Ground Floor: Former Irish president Mary Robinson upset a few people with her recent comments about the number of bright women in the US with master's degrees who planned to give up work after they married and had children.
Mrs Robinson said these women were "copping out" and weren't trying to "have society adjust to let them continue to fulfil their potential". Stay-at- home mothers, who feel that looking after their children is fulfilling their potential, complained that her remarks demeaned their choices.
Unfortunately, whenever you talk about women in the workforce, someone is going to be upset. Women who stay at home rightly point out that they are working, and that if they were employing childminders the work would be paid for. Women who work outside the home are aware that their married-with- children colleagues have additional stresses in their lives. But every time there's a debate about women and their potential, the home-and-family woman is pitted against career-woman in a fight for the moral high ground.
It's no wonder we haven't managed to scale the heights of boardroom domination when we're too busy criticising each other's choices. But if you do complain that female representation in the corporate boardroom is pitifully low, you are reminded that Brenda Barnes, the president of PepsiCo and widely tipped to be its first female chief executive, gave up her job to look after her children because she didn't want to miss any more of their birthdays.
There are times when anyone in a top job would like to walk away from it, live a different life and enjoy more time with the family. There has to be a time when the allure of all-nighters in the office palls when set against an evening with your children. But why are the two things always placed in such stark opposition? Why is home baking and listening to the wheels-on-the-bus- going-round-and-round portrayed as good and wholesome, while closing a billion-dollar deal and securing the jobs of people who work for you considered non-fulfilling?
Why is it that, having put in all that study to gain a qualification, so many women apparently think it's not worth continuing? Perhaps it's because there is an additional struggle, as Mary Robinson said. And that is changing society to fit in with the needs of the working-outside-the- -home-and-liking-it-which-doesn't-make-her-a-bad-person mother. There has been so much written about this before (including by myself) that I won't rehash the discussion, but bright, educated women who are used to business life do like wider intellectual challenges than Postman Pat and Barney. It doesn't mean they value Pat and Barney any less, but it does mean they feel there's more to life. It doesn't mean the thrills of the boardroom are a more fulfilling challenge than potty-training your child. It's just different.
But to combine both of these things, society has to change. Today's women, who don't have to fight sex discrimination on a daily basis or the ban on married women working in the Civil Service, are more prepared to accept the status quo. Because every time somebody does bring up the subject of childcare for working mothers, there is an outcry from stay-at-home mums, who think their role is being devalued if their working sisters get some recognition.
We are our own worst enemies. Every time we get upset over a perceived slight we merely fuel the fire.

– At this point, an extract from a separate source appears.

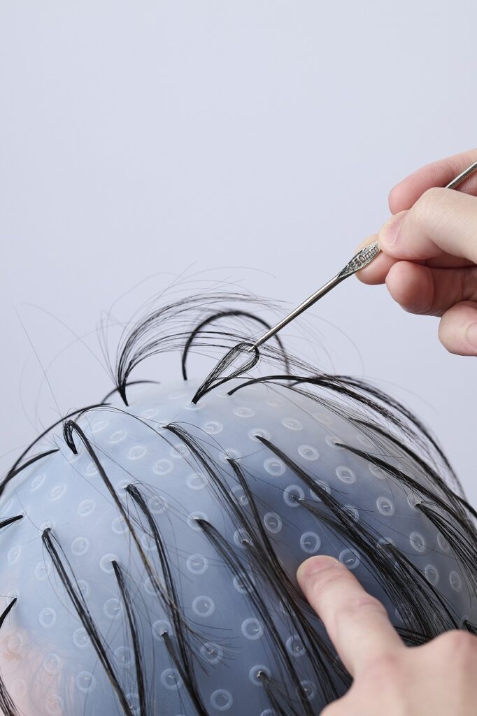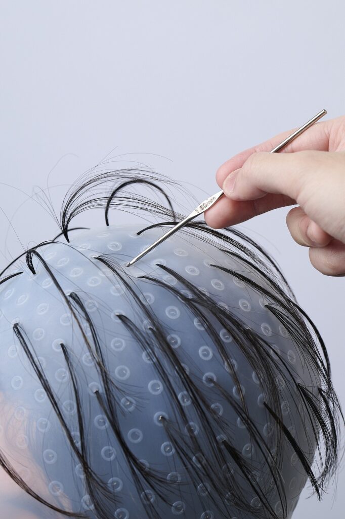 引き出し終えたら毛先の分量、厚みをチェック。メッシュキャップのいいところはこの段階でさらに分量を増やしたり、減らしたりするなど調整できること。
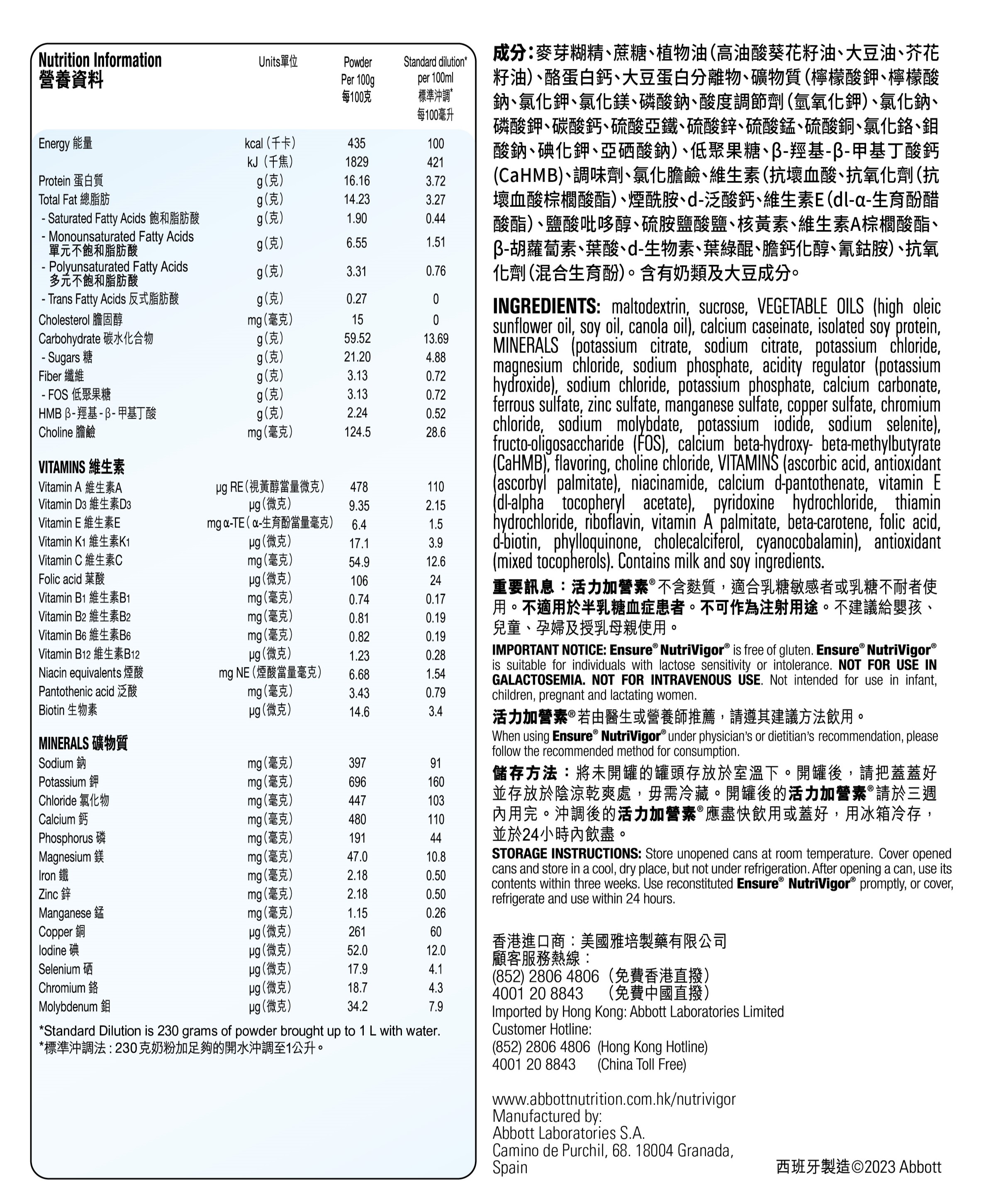 ^ 根據品牌內部數據,Ensure®Nutrivigor®活力加營素®在2013年12月於香港正式發售,為全港第一款HMB均衡營養配方(0.52克HMB/100毫升)

Meantime, in the schools of the Republic, the concern is not the lack of women in the boardroom, but the lack of men in teaching posts. According to a report by the Primary Education Committee, 18 per cent of primary teachers and about 50 of more than 400 final year students at the St Patrick's teacher college are male.

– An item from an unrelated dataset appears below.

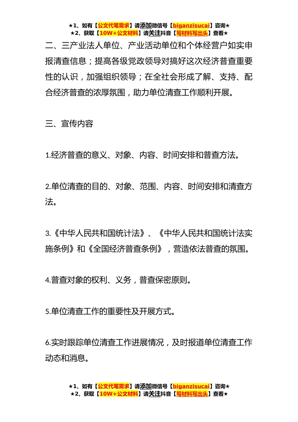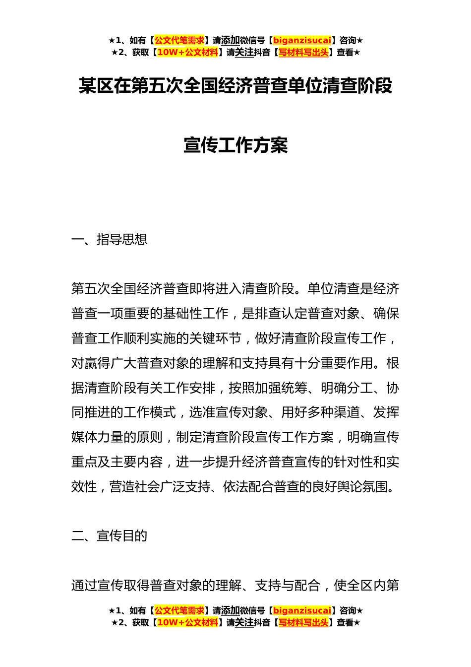 ★1、如有【公文代笔需求】请添加微信号【biganzisucai】咨询★★2、获取【10W+公文材料】请关注抖音【写材料写出头】查看★某区在第五次全国经济普查单位清查阶段宣传工作方案一、指导思想第五次全国经济普查即将进入清查阶段。单位清查是经济普查一项重要的基础性工作,是排查认定普查对象、确保普查工作顺利实施的关键环节,做好清查阶段宣传工作,对赢得广大普查对象的理解和支持具有十分重要作用。根据清查阶段有关工作安排,按照加强统筹、明确分工、协同推进的工作模式,选准宣传对象、用好多种渠道、发挥媒体力量的原则,制定清查阶段宣传工作方案,明确宣传重点及主要内容,进一步提升经济普查宣传的针对性和实效性,营造社会广泛支持、依法配合普查的良好舆论氛围。二、宣传目的通过宣传取得普查对象的...
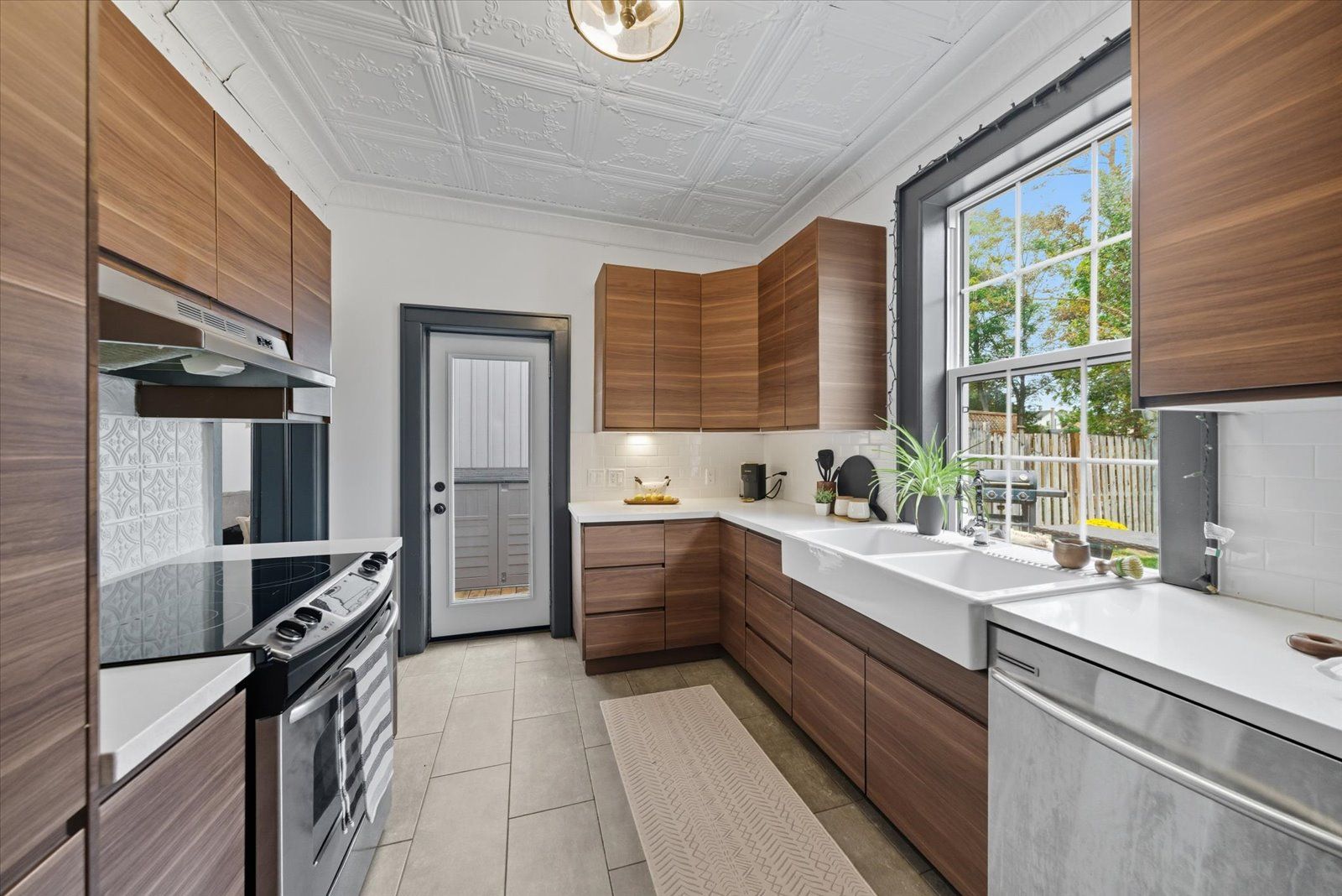 • Spacious open-concept living area with custom kitchen and quartz countertops.

Back in the summer, the news reports were all about girls outperforming boys in exams, where the gender gap continues to widen. In this year's Junior Cert, girls outperformed boys in all but four subjects, and there have been calls, yet again, for the Leaving Cert to include a two-stage exam that might help boys to reach their potential.
But why are they all so worried? Let's face it, even if boys are doing way worse in the exams, they're still going to end up with the top jobs, aren't they? And even if highly qualified girls come storming into the office, they'll burn bright for a few years, then wander off to leave the top job to a less-qualified bloke while they stay home and mind the babies.

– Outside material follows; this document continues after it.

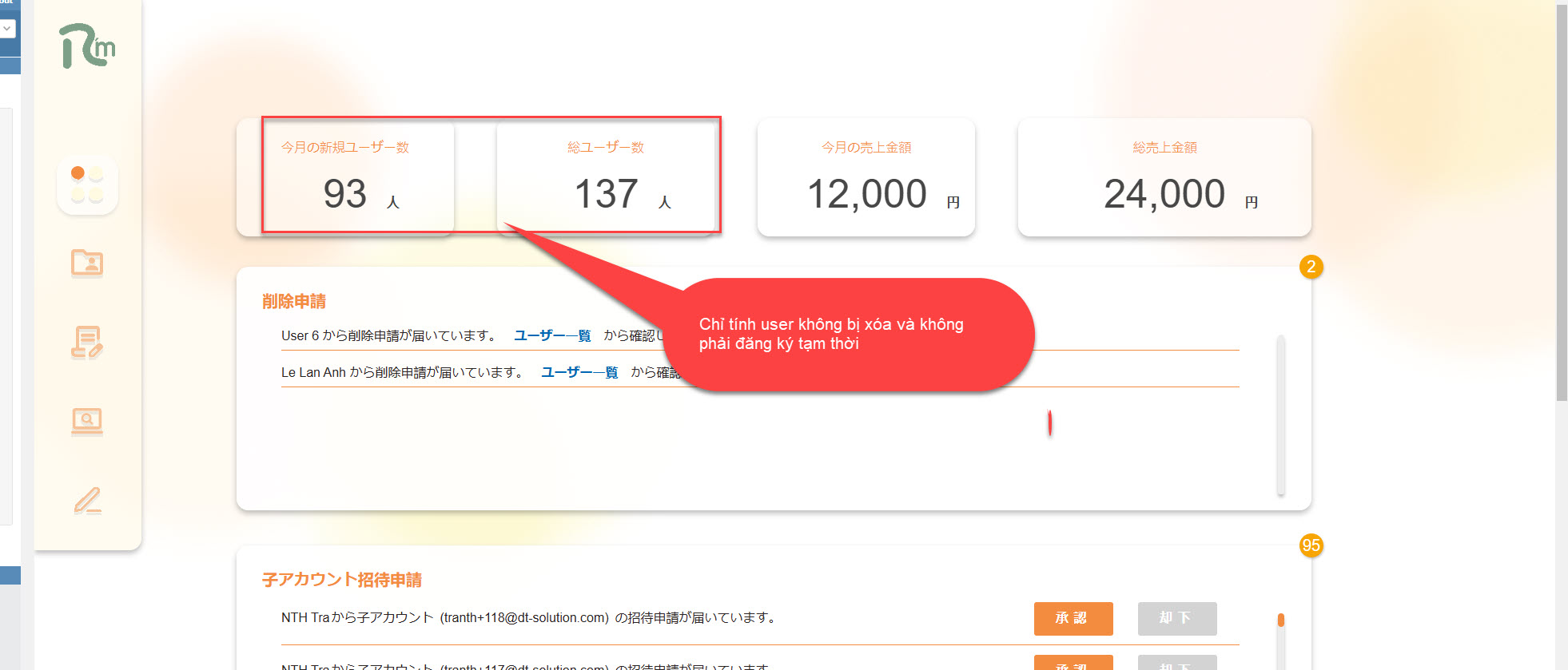 - Tính user không bị xóa và không phải đăng ký tạm thời
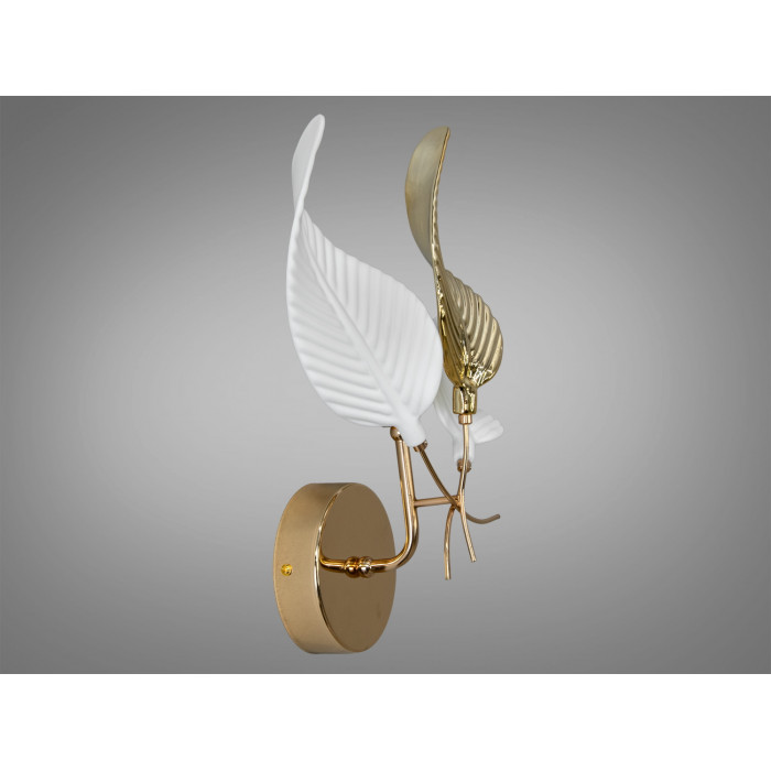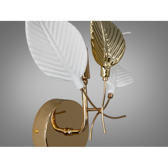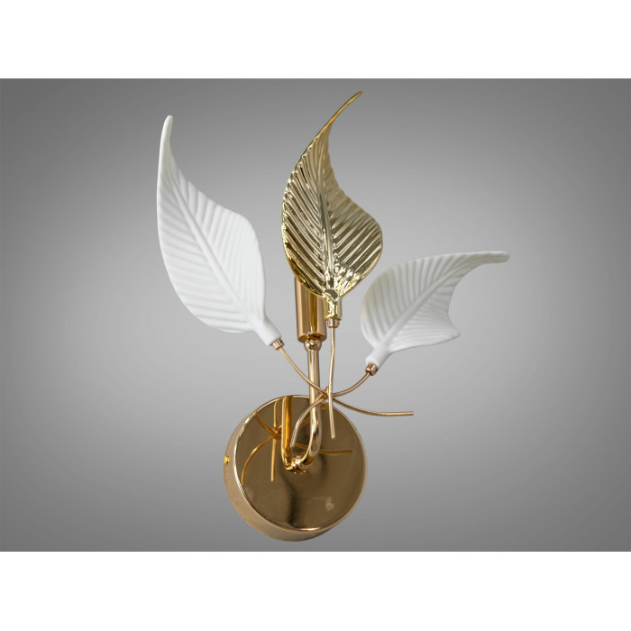 Це декоративне бра — справжнє втілення гармонії природи та витонченого дизайну. Воно одразу привертає увагу своїм унікальним виглядом, поєднуючи металеву основу з ніжними декоративними елементами із порцеляни. На круглому металевому корпусі, покритому сяючим золотим напиленням, тримаються три листоподібні порцелянові деталі. Один із листків виконаний із полірованого металу з текстурованою поверхнею, що створює яскравий контраст із матовою порцеляною двох інших.

It's not as though we don't need someone to do a good job in raising children. It's just that it's such a shame to think that the common sense and multi-tasking that so many women bring to the office will be lost in a raft of baby powder and school runs. And that we're conspiring to let it happen.
If taking time out to look after the children was valued in corporate land, things would be better. There is some hope. Brenda Barnes re-entered the workforce last February. Eight months later she was named chief executive of Sara Lee. She hasn't lost it!